# Craigslist Score



## slotcarwilly (Jun 28, 2009)

Got this score a few weeks ago. I did a little long distance Craiglist search and got lucky. I was able to get my Dad to pick them up for me since he lived near by. I live in FL and he lives in Northern Indiana. 

It came with three race sets. I had him ship me the cars. I'll get the track when he comes down to visit.


----------



## Joe65SkylarkGS (Feb 15, 2010)

Cool looking buinch. Especially the 43 Olds. That one is not so common.

Wwelcome Willy


----------



## plymouth71 (Dec 14, 2009)

good score! There still out there guys!


----------



## SplitPoster (May 16, 2006)

That is a nice haul!

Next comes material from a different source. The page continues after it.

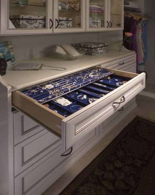 Такой же принцип организации, что и в вертикальных шкафах, но перенесён в горизонтальную плоскость. Вы можете заранее спроектировать внутренние ящики для бижутерии или же купить в магазине подходящие органайзеры для разных украшений и разложить в произвольном порядке. Также, можно заказать ящики со встроенными пластиковыми или деревянными ограничителями, предварительно рассчитав необходимое место под украшения.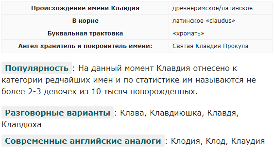 Женское имя Клавдия имеет древнеримское происхождение. Было образовано от латинского слова «claudus», в переводе на русский означает «хромать». Это же слово лежит и в корне мужского родового имени римлян «Клавдий», породившего и женскую форму имени. Было особенно популярным в прошлом веке, сейчас встречается довольно редко. Интересное значение наделяет носительниц имени Клавдия сочетанием уникальных качеств характера. Большинство Клавдий обычно, это активные и веселые, энергичные и балованные девушки, которые просто не представляют свою жизнь без постоянного общения с людьми. Носительница имени Клавдия честная и преданная, поэтому на дух не переносит предателей и льстецов.

Despite the obvious drawbacks with living far from friends and family, there apparently are a few benefits too!


----------



## Hittman101 (Oct 21, 2009)

Very nice score!!!


----------



## WesJY (Mar 4, 2004)

NICE HAUL!!

Wes


----------



## Boosted-Z71 (Nov 26, 2007)

That's nice I live in Northern Indiana and can never get anyone that advertises items for sale on Craig's list to call, text or e-mail me regarding purchasing what they have for sale. 

Good Score

Boosted


----------